Imbolc, held at the midpoint between the winter solstice and the spring equinox, is an ancient Gaelic celebration observed by both Christians and pagans to honour Brigid. To Christians, Brigid is a saint, one of Ireland’s three patrons. To pagans – including most modern druids – she is a goddess, the daughter of Dagda, a Celtic deity who has two pigs, one alive and one perpetually roasting.
In the Celtic mythology, Brigid is associated with fertility, renewal and the coming of spring, which seems a little aspirational on this frigid morning on the first day of February. Still, the Imbolc-goers march resolutely across the cobalt-coloured field, towards the sound of a distant horn. Robed figures wait ahead, among the mist-shrouded boulders.
We arrive at the centre of the stone circle to the sound of drums. About 50 people are gathered around a small group of druids, dressed in white, who are beating goatskin instruments and chanting. There is an altar at their feet, filled with mysterious objects and flickering candles. The sun has not yet risen, and the gathered crowd are still indistinct. The air is cold and smells of mud and livestock. When the chanting stops an owl’s falsetto rings out, and as a cloaked woman begins to speak it bursts from a tree and disappears into the blue morning.
The druid is reading loudly from a laminated sheet of A5 in a strong West Country accent. She invites us to hold hands and take several long breaths together. Look to the sky. Breathe. Look to the earth.
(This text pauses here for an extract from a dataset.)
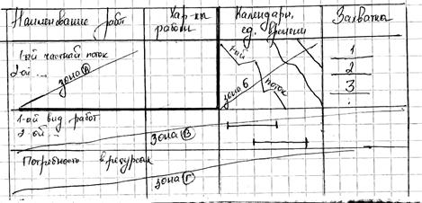 3. Для отображения многообъектных потоков – ленточный график, т.к. он не теряет наглядности при большом количестве видов работ и объектов.

Breathe. Look to the stones and take a moment to reflect on how they were placed there by our ancestors, she says, “with such purpose and dedication”. “And perhaps,” she adds with a mischievous pause, her eyes darting up from the plastic sheet, “by magic.”
I look up from the stones. The day is breaking now. The morning light has illuminated a shining sea of crushed velvet, and a young man dressed like Edgar Allan Poe with a top hat. One woman’s blood-red headgear closely resembles those festive paper frills you put on the ends of turkey legs; she has paired it with an emerald-green hooded cloak to pleasingly Christmassy effect. Another man’s hessian beanie looks convincingly medieval – somewhere between a sock and a sack – but the effect is somewhat ruined by the fake Ikea sheepskin he is wearing as a cape.
Throughout British history, the figure of the druid has been shrouded in mystery and chaos. The Romans all but wiped them out in the first century AD, and many of the Latin sources detailing druid culture are considered unreliable. With so little known about them, they have served as a blank canvas onto which people have projected various images at different times. During the Renaissance, amid deepening interest in ancient history and mythology, Scottish writers drew an imagined link between druids and megalithic culture. In the 1700s, when the need intensified for a unified British state to instil a sense of shared history, the druid was hailed as a nationalist hero. Druids, conveniently, were both ancient and native, and did not have a history of being murdered by the English.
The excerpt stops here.